His classes were repulsive, a torture, as he did not know even the rudiments of the subject he handled. There was no institutional set .up through which .students could seek their grievances. This emboldened the director who became dictator overnight as he blocked all communication channels between the students and the management. He ruled the empire with an iron hand.

The management was blissfully ignorant of the murky drama scripted and directed by the person selected by them to "lead" the institute! Any student who attempted to express grievances about the director felt the heat soon. He would get the lowest internal marks. Even if he gets high marks in the university, poor internal pulled down his marks. Students became panicky and lived in a horror atmosphere, waiting to vent out their frustrations and anguish. They did it when they were out of the campus.

It did not take much time to find out where the problem lay. The management had invested heavily in building physical infrastructure but failed to provide the right leadership. Any institution will grow only if it has an inspiring leader. Infrastructure, both physical and intellectual, are of course necessary prerequisites but it will bear no fruits if the leadership is mediocre, characterless and mean, polluting the serene ambience. Consider any institution; all failed institutions have invariably had mean leaders who ruined the institution for their survival.

When the chairman met me after a couple of weeks, he was shocked when I told him point blank that it was the management that was responsible for the decline of the institute. They were callous and did not apply due diligence before selecting a leader.

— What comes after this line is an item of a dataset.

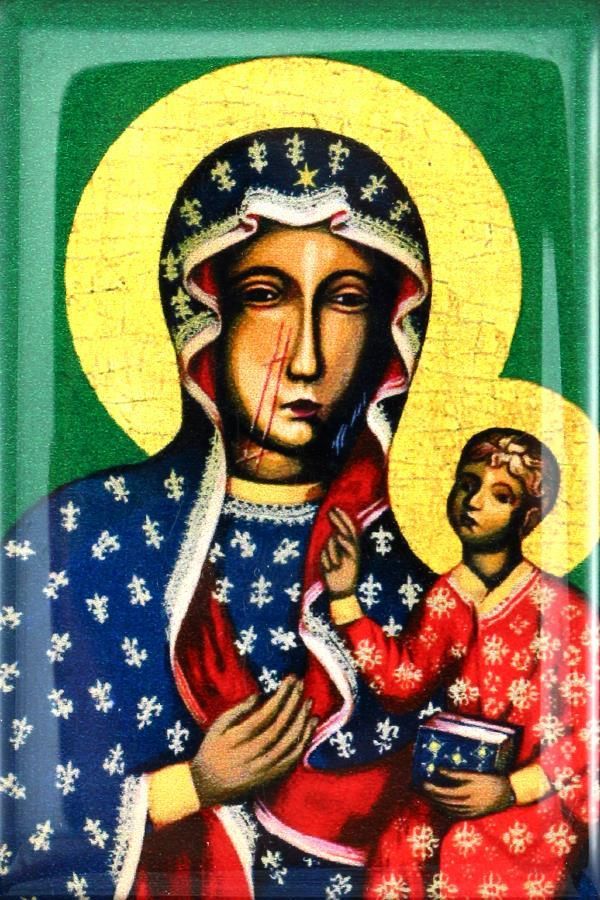 Magnes przedstawia ikonę Matki Bożej Częstochowskiej. Jest delikatnie wypukły, zabezpieczony warstwą żywicy. Ten pięknie wykonany gadżet może być zarówno wyjątkowym drobnym upominkiem dla bliskiej osoby, jak również trafionym zakupem dla siebie. Można go umieścić np. na drzwiach lodówki.

All the efforts of the management to build a world-class institution were shattered in one stroke when the management made a wrong choice of the person responsible for running it.

The takeaway: It is leadership that matters! It can make or mar an institution. Great institutions are built by great leaders. Institutions collapse not owing to market forces but when the person at the helm is mediocre and has no vision, no character, no integrity and with no concern for the people around him, or her.